On a visit to Kazakhstan in 2013, Xi Jinping reminded his hosts of their shared commercial ties along the Silk Road, stretching back millennia. The Chinese president went on to propose the establishment of a Silk Road Economic Belt to bring new prosperity to Asia. The speech barely registered in the international media but less than two years later, the so-called One Belt, One Road plan — incorporating a Maritime Silk Road — has become the centrepiece of the president’s foreign policy and international economic strategy. Important commercial consequences for the region and global companies will go hand-in-hand with unpredictable geopolitical implications in parts of the world where the US, Japan, India and Russia all have material and competing interests.

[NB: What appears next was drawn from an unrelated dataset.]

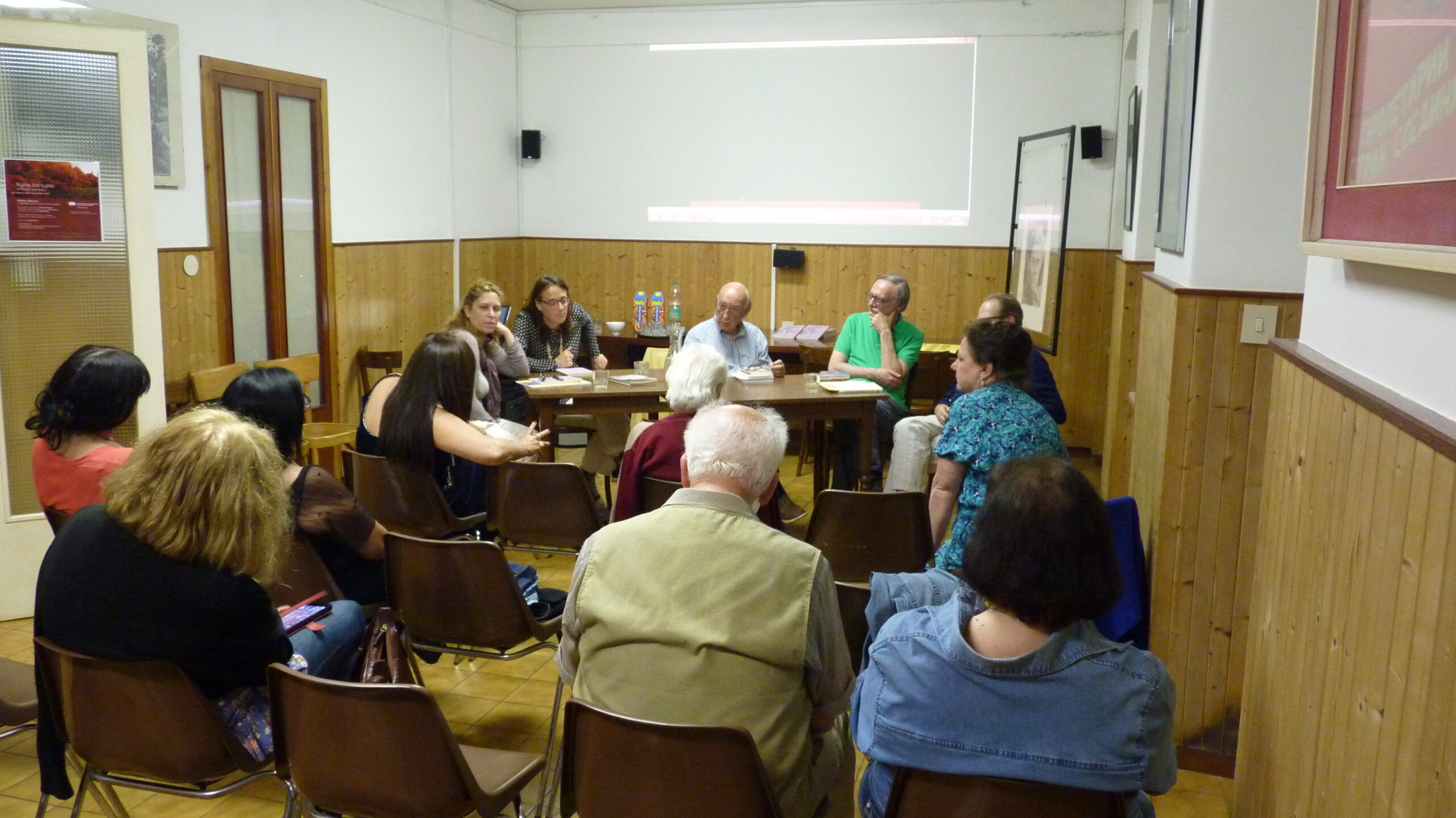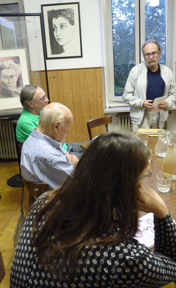 Ma, per gli intricati casi della vita, tale occasione mi è capitata molti anni dopo a Trieste in un reading – dal pregnante titolo ASILO POETICO / PESNISKI ASIL – cui presero parte lui, Barbara Korun e il sottoscritto, il 25 maggio 2018, presso il Circolo culturale Tina Modotti, nel corso del quale diede vita ad un simpatico “battibecco” letterario con la figlia Cecilia che sedeva tra il non folto pubblico. Al termine della serata ci intrattenemmo insieme all’amico Gianluca Paciucci, organizzatore dell’evento, in una frugale cena a tre presso l’osteria sociale della Casa del popolo, al piano terra del medesimo stabile (mi sembra di ricordare che mangiammo alici fritte e bevemmo del vinello bianco – notazione che non appaia superflua, perché spesso la poesia può celarsi nelle cose più semplici, come queste). Mi colpì la cordialità e il garbo di questo scrittore già molto noto (e con un impressionante curriculum, destinato l’anno successivo ad arricchirsi ulteriormente con il prestigioso Premio Nonino https://premio.grappanonino.it/winner/juan-octavio-prenz/ ) che rimase a conversare amabilmente con noi senza remore di sorta, per il puro piacere della compagnia.

Beijing’s need of a new approach to doing business at home and abroad has been apparent for some time. Many of China’s past bilateral investment deals in Africa and Asia based around access to commodity resources were uncommercial, poorly implemented and, in some cases, unpopular locally. The property and investment boom at home that they served has now ended, leaving China with significant overcapacity in industry and construction, deflation and rising debt management problems.
Moreover, the country has tired of accumulating endless volumes of US Treasury and other government bonds, and now prefers more direct investment overseas. Beijing has also long expressed opposition to the dominance of the US and the dollar in the global financial institutions, most notably the International Monetary Fund and World Bank.